Regulatory Affairs Associate/Senior Associate
Azurity Pharmaceuticals · Raleigh, NC · 1 wk ago
HybridLegalFull-time
Principle Responsibilities
- Provide regulatory assistance with due diligence requests to support new business development activities.
- Support interaction with FDA and other regulatory agencies for assigned commercial products.
- Aid in compiling and authoring regulatory filings (IND, NDA, ANDA, etc.) and post marketing supplements for assigned products.
- Manage timelines associated with regulatory submissions such as post-marketing periodic reports.
- Manage archival of regulatory submissions, regulatory correspondence and associated logs and tracking mechanisms.
- Offer regulatory guidance on requirements for post-approval changes, as required, for assigned products.
- Review and provide regulatory assessments for change control documentation.
- Offer regulatory support to regulatory leadership meetings and presentations.
- Stay updated on current regulations and regulatory guidance, assessing their impact on assigned products and internal processes.
- Participate in various activities related to goal setting, tracking deliverables, and process improvements within the regulatory department.
- Perform other duties as assigned.
Qualifications and Education Requirements
- Minimum of Bachelor of Science or preferred advanced health care discipline degree (PharmD, PhD, Master of Science, etc.) or equivalent qualification.
- Minimum of 3 years in the pharmaceutical industry with at least 1 of those years in regulatory affairs.
- Excellent organizational, interpersonal, verbal, and written communication skills, strong grammar, and proofreading/editing skills, and MS Office skills are required.
- Ability to work independently with minimal supervision in a fast-paced deadline-driven environment.
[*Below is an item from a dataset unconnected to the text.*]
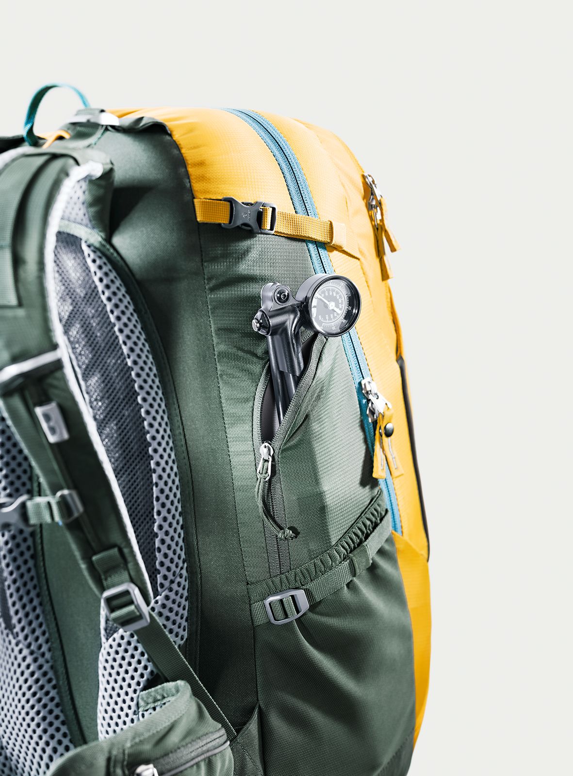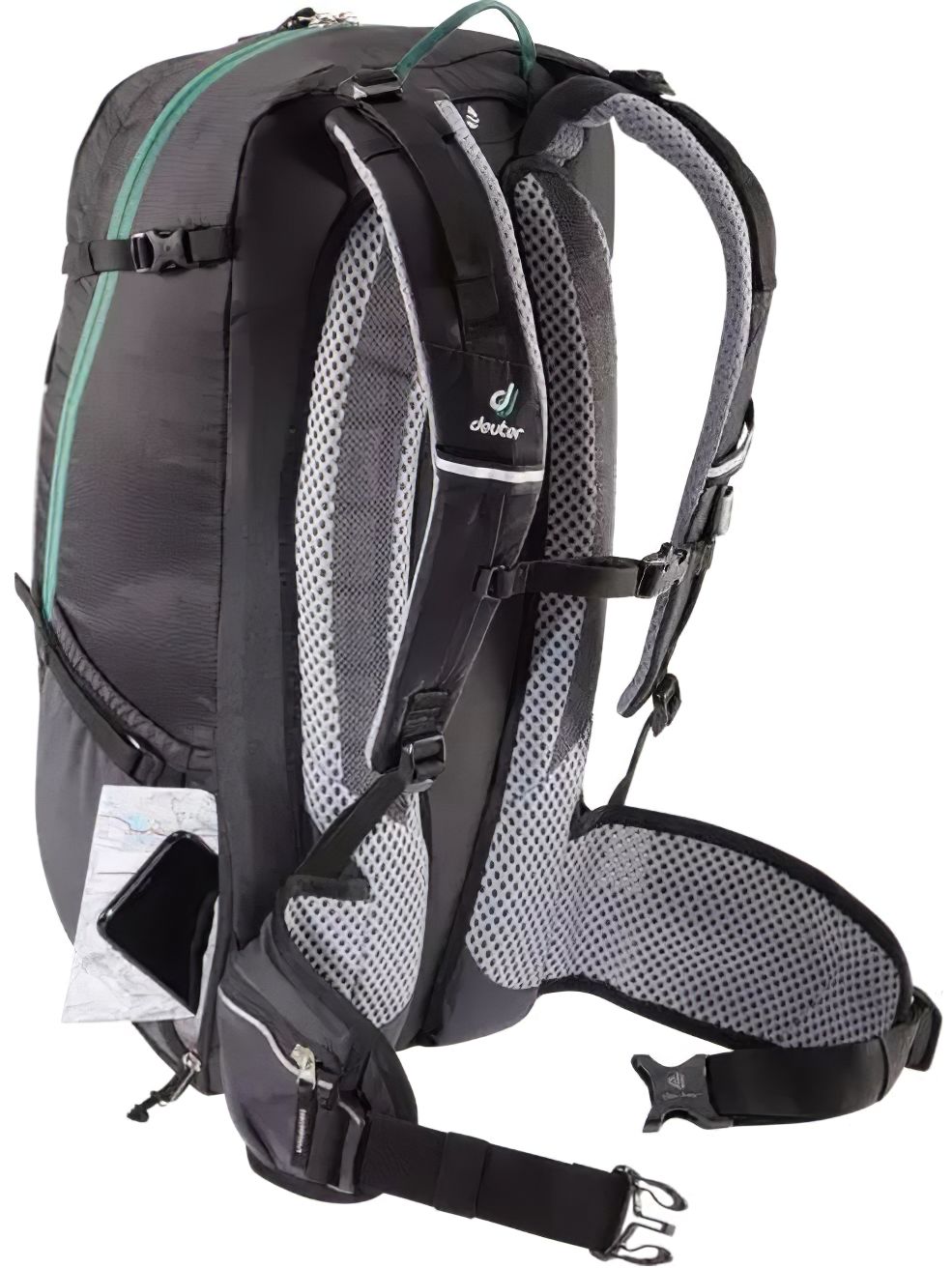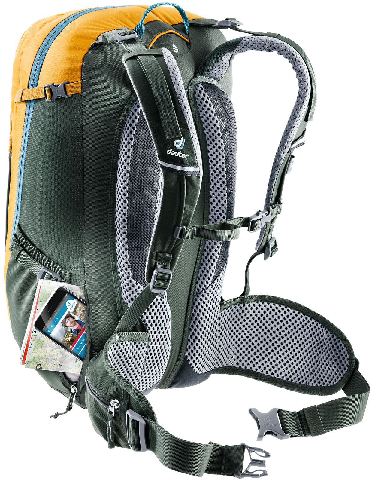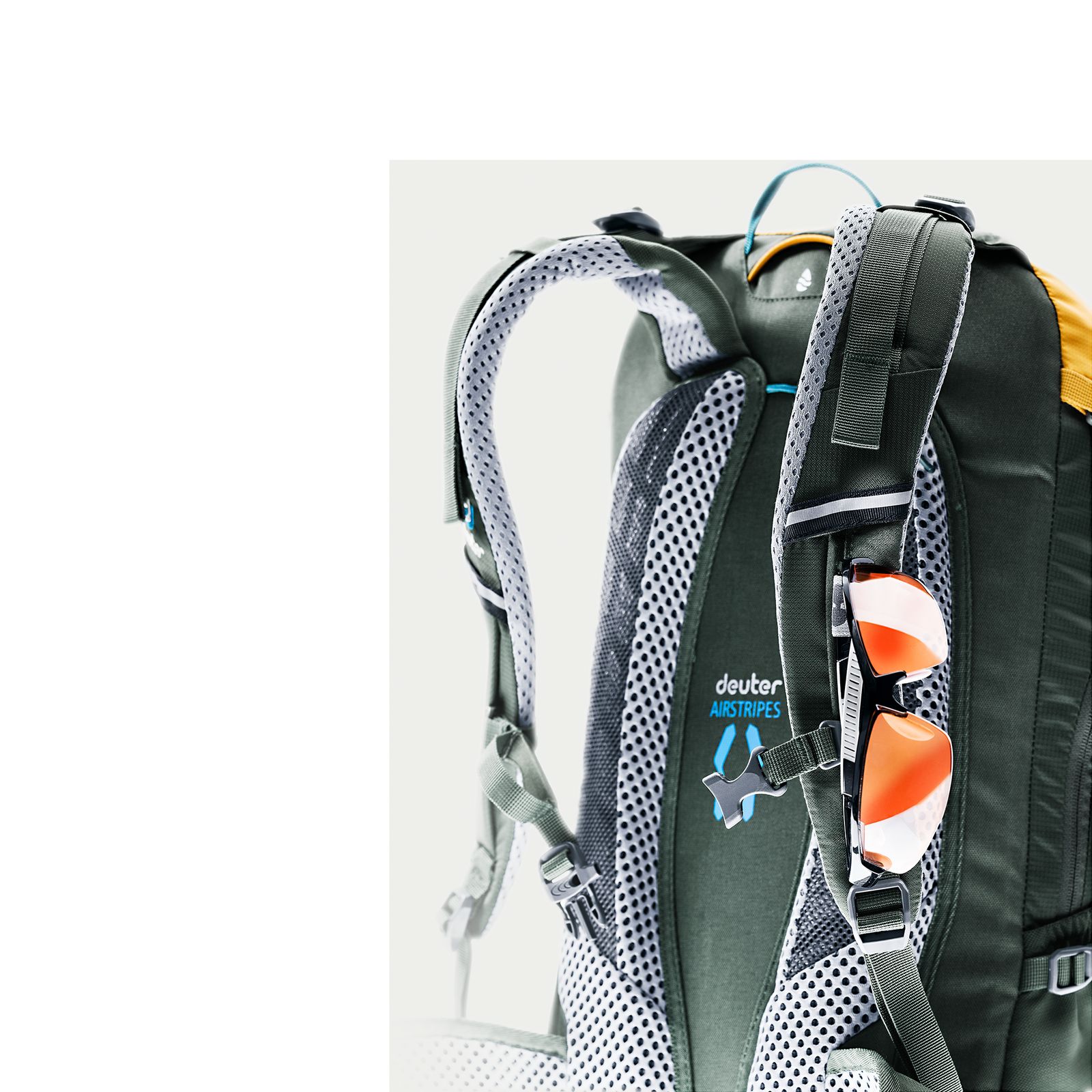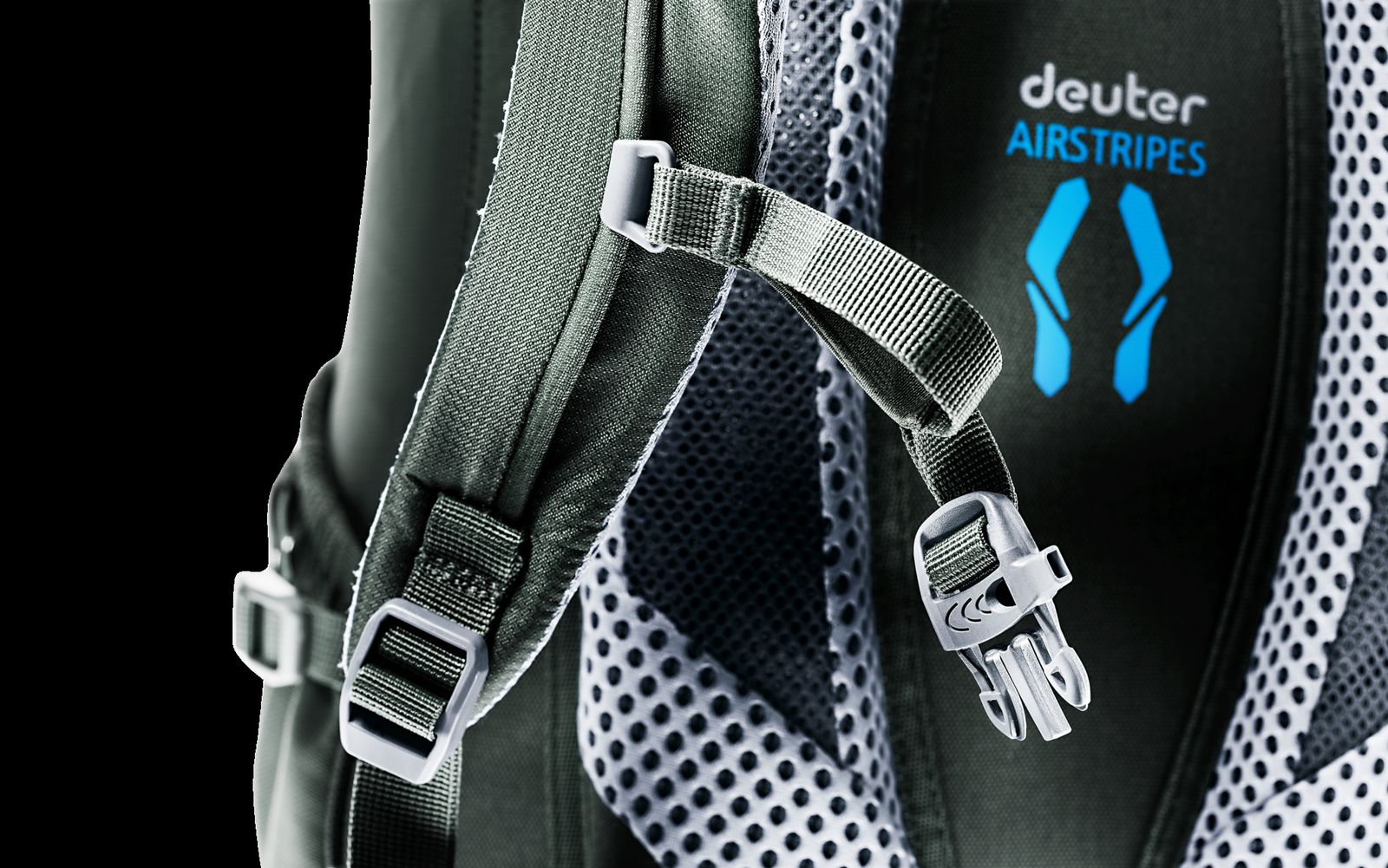 Специальная Extra Long модель рюкзака Дойтер Транс Алпайн с удлиненной спинкой для высоких велосипедистов ростом от 1,85 до 2,0 метров. Контакт подвесной системы Airstripes при надлежащей плотной посадке, создает свободное перемещение воздуха на 80-ти процентах поверхности спины пользователя благодаря уменьшенному обратному контакту подушек Airstripes и сетчатой подкладке Wide AirMesh, гарантируя стабильность груза даже очень сложной дороге. Анатомической формы плечевые лямки гарантируют удобную свободу передвижения. Легко регулируемый грудной ремень дополнительно обеспечивает наилучшую подгонку. Сетчатые крылья на поясном ремне гарантируют компактную, плотную посадку во время любых поездок. Гибкие алюминиевые пластины находящиеся внутри подушек Airstripes позволяют точно подстраиваться под спину пользователя, изменяя свою кривизну и таким образом обеспечивая точную индивидуальную подгонку.
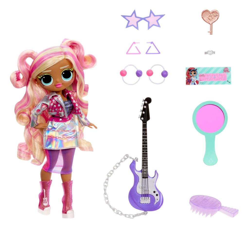 A babának részletgazdag öltözéke, ízületes végtagjai vannak a pózoláshoz, és gazdag tartozékkészlete, beleértve az elektromos gitárt, ékszereket és a hajkefét. Két megjelenés egyben és több mint 15 meglepetés biztosít órákon át tartó kreatív játékot, gyűjtést és kiállítást.

- Keen attention to detail.
- Ability to rapidly adapt to changing environment and circumstances requiring flexibility, tolerance, and great sense of urgency while ensuring that all cGMP and regulatory requirements are met.
- Ability to successfully communicate, negotiate, and influence regulatory strategy to key stakeholders.
Physical & Mental Requirements
- Must be able to sit for long periods of time.
- While performing the duties of this job, the employee is frequently required to stand; walk; sit; talk and/or hear.
- May occasionally climb stairs and/or ride elevators.
- The employee must occasionally lift and/or move up to 25 pounds.
- Employee must be able to manipulate keyboard, operate a telephone and hand-held devices.
- Other miscellaneous job duties as required.
Benefits We Offer
- Unlock Your Earning Potential: Competitive compensation package including an annual bonus based on company performance.
- Sales - In lieu of annual bonuses, incentive compensation program that allows you to earn more - even over plan.
- Fuel Your Success: Car reimbursement program and gas card for both business and personal use.
- Comprehensive Health Coverage: Excellent medical, dental, vision, and prescription coverage.
- Flexibility for Your Lifestyle: Hybrid work model allowing you to work two days from home and three days in the office.
- Invest in Your Future: Retirement Savings Plan (401K) with a match up to 5%.
- Time Off That Counts: Generous time off policy including up to 15 vacation days annually + rollover (up to 40 hours) as well as five sick/wellness days.
- Meaningful Time with Your Loved Ones: Extra week off between Christmas and New Year’s.
- Enjoy the Holidays: Recognition of 13 holidays throughout the year.
- Invest in Your Education: Tuition reimbursement for undergraduate and graduate level courses or certifications.
- Recognize and Be Recognized: Peer recognition platform for celebrating achievements and receiving recognition for outstanding work.